4.57 Capacity of a communication channel. We consider a communication channel, with input X(t) ∈ {1, . . . , n}, and output Y(t) ∈ {1, . . . , m}, for t = 1, 2, . . . (in seconds, say). The relation between the input and the output is given statistically:
pij = prob(Y(t) = i|X(t) = j), i = 1, . . . , m, j = 1, . . . , n.
The matrix P ∈ R^m!n is called the channel transition matrix, and the channel is called a discrete memoryless channel.
A famous result of Shannon states that information can be sent over the communication channel, with arbitrarily small probability of error, at any rate less than a number C, called the channel capacity, in bits per second. Shannon also showed that the capacity of a discrete memoryless channel can be found by solving an optimization problem. Assume that X has a probability distribution denoted x ∈ R^n, i.e.,
xj = prob(X = j), j = 1, . . . , n.
The mutual information between X and Y is given by
I(X; Y) = ∑_{i=1}^m ∑_{j=1}^n xj pij log2(pij / ∑_{k=1}^n xk pik).
Then the channel capacity C is given by
C = sup_x I(X; Y),
where the supremum is over all possible probability distributions for the input X, i.e., over x ≵ 0, 1^T x = 1.
Show how the channel capacity can be computed using convex optimization.
Hint. Introduce the variable y = Px, which gives the probability distribution of the output Y, and show that the mutual information can be expressed as
I(X; Y) = c^T x − ∑_{i=1}^m yi log2 yi,
where cj = ∑_{i=1}^m pij log2 pij, j = 1, . . . , n.
Solution. The capacity is the optimal value of the problem
maximize f0(x) = ∑_{i=1}^m ∑_{j=1}^n xj pij log(pij / ∑_{k=1}^n xk pik)

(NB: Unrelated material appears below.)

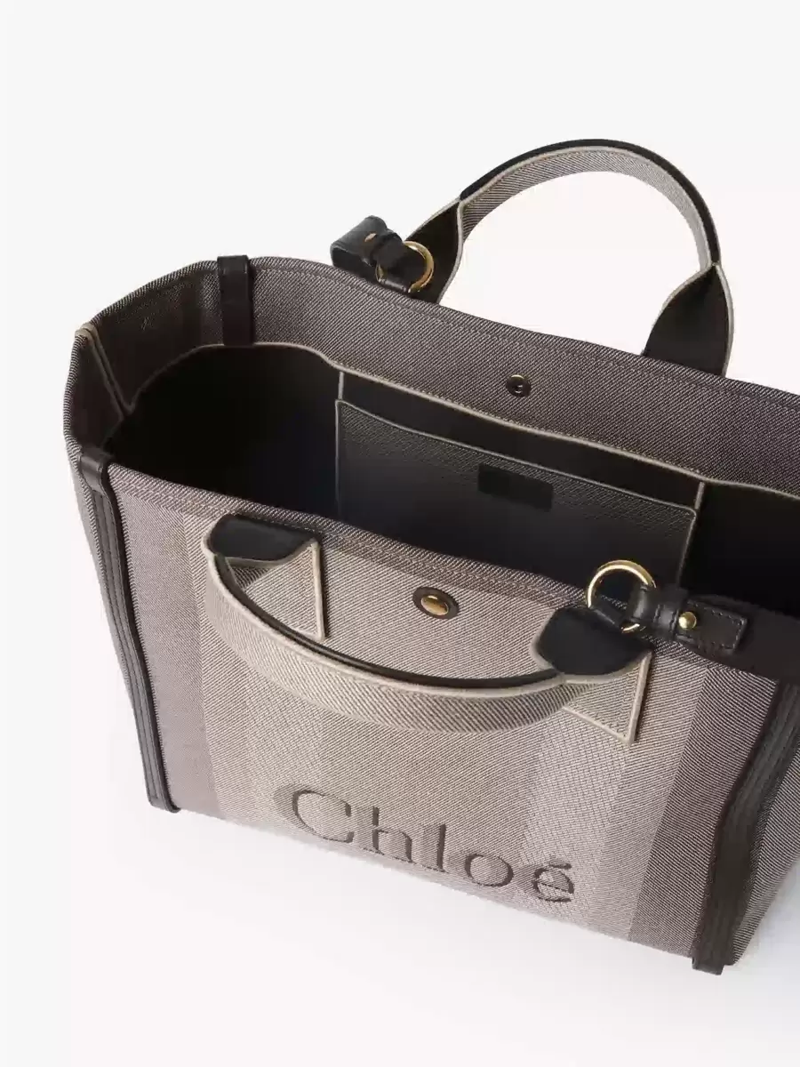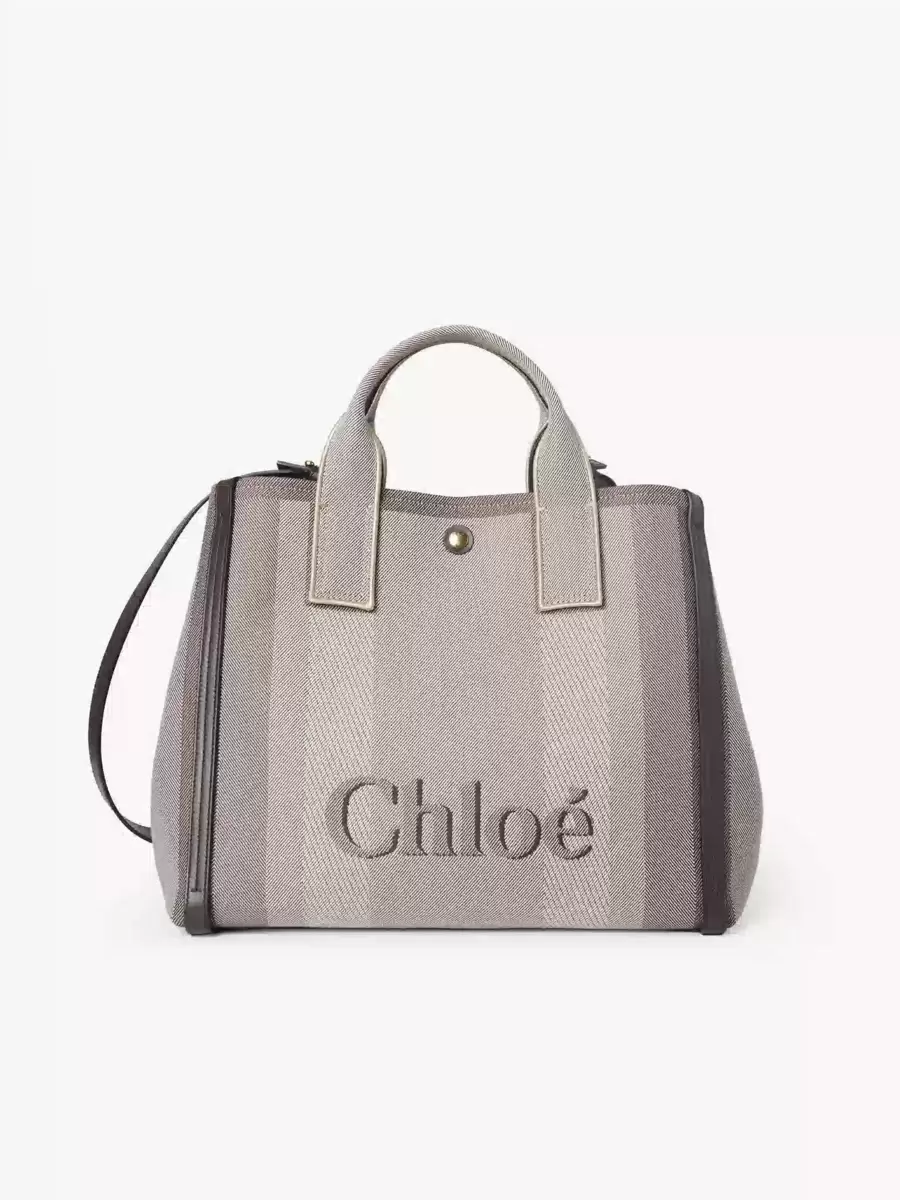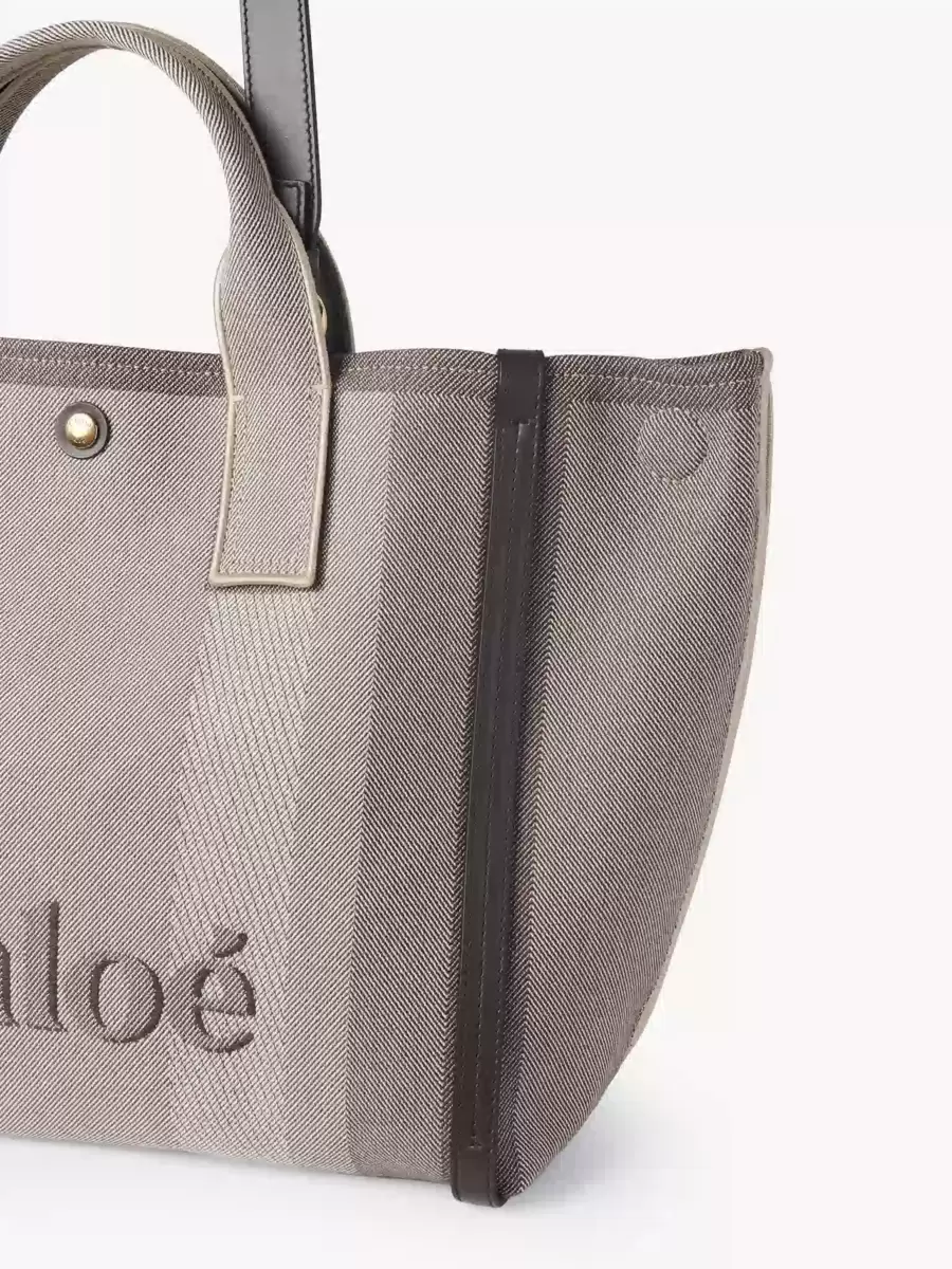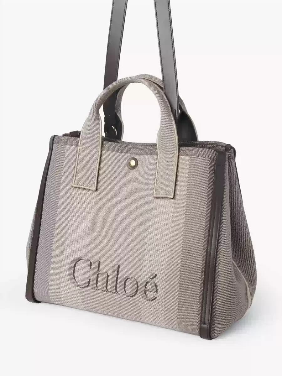 Chloé Carry-tygväskan är tillverkad av randig bomullscanvas-jacquard, kompletterad med kontrasterande vertikala läderband och en överdimensionerad Chloé-logotyp.

subject to x ≵ 0, 1^T x = 1,
with variable x. It is possible to argue directly that the objective f0 (which is the mutual information between X and Y) is concave in x. This can be done several ways, starting from the example 3.19.
Another (related) approach is to follow the hint given, and introduce y = Px as another variable. We can express the mutual information in terms of x and y as
I(X; Y) = ∑_{i,j} xj pij log(pij / ∑_k xk pik)

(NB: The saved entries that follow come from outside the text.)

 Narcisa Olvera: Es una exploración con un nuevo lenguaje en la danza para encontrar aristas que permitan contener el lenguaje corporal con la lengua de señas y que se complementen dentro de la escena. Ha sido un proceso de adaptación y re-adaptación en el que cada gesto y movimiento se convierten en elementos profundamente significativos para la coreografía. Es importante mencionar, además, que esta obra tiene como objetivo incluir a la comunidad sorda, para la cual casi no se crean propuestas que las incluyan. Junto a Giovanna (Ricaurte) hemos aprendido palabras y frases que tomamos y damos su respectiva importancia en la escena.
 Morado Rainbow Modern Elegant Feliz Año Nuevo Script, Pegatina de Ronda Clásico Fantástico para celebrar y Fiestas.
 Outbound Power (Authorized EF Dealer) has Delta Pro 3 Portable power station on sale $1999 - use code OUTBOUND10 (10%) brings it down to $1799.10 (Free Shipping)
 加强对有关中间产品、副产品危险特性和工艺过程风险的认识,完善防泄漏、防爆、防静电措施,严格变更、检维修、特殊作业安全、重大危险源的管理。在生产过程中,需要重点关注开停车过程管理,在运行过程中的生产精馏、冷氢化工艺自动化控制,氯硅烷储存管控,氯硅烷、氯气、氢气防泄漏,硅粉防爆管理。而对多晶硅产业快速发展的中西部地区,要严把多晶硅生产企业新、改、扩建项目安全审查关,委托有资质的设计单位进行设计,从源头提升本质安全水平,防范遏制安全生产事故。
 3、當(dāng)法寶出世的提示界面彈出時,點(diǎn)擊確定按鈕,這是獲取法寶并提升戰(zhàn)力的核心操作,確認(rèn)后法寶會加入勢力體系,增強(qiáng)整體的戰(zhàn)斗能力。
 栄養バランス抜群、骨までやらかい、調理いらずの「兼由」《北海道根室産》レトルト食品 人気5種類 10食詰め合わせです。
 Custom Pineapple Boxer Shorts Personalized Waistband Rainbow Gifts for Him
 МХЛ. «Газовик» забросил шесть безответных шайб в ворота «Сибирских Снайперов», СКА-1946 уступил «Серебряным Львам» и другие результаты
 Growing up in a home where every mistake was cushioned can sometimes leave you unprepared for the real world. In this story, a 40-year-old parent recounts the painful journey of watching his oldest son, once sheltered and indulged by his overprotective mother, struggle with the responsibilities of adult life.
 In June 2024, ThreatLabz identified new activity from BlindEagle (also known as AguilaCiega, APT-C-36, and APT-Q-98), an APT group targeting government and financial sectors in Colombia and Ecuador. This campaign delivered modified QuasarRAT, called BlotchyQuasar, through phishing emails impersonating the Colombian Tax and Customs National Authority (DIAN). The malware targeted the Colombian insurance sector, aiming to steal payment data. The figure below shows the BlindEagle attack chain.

= ∑_j xj ∑_i pij log pij − ∑_i yi log yi
= −c^T x − ∑_i yi log yi,
where cj = −∑_i pij log pij. Therefore the channel capacity problem can be expressed as
maximize I(X; Y) = −c^T x − ∑_i yi log yi
subject to x ≵ 0, 1^T x = 1
y = Px,
with variables x and y. The objective is a constant plus the entropy of y, hence concave, so this is a convex optimization problem.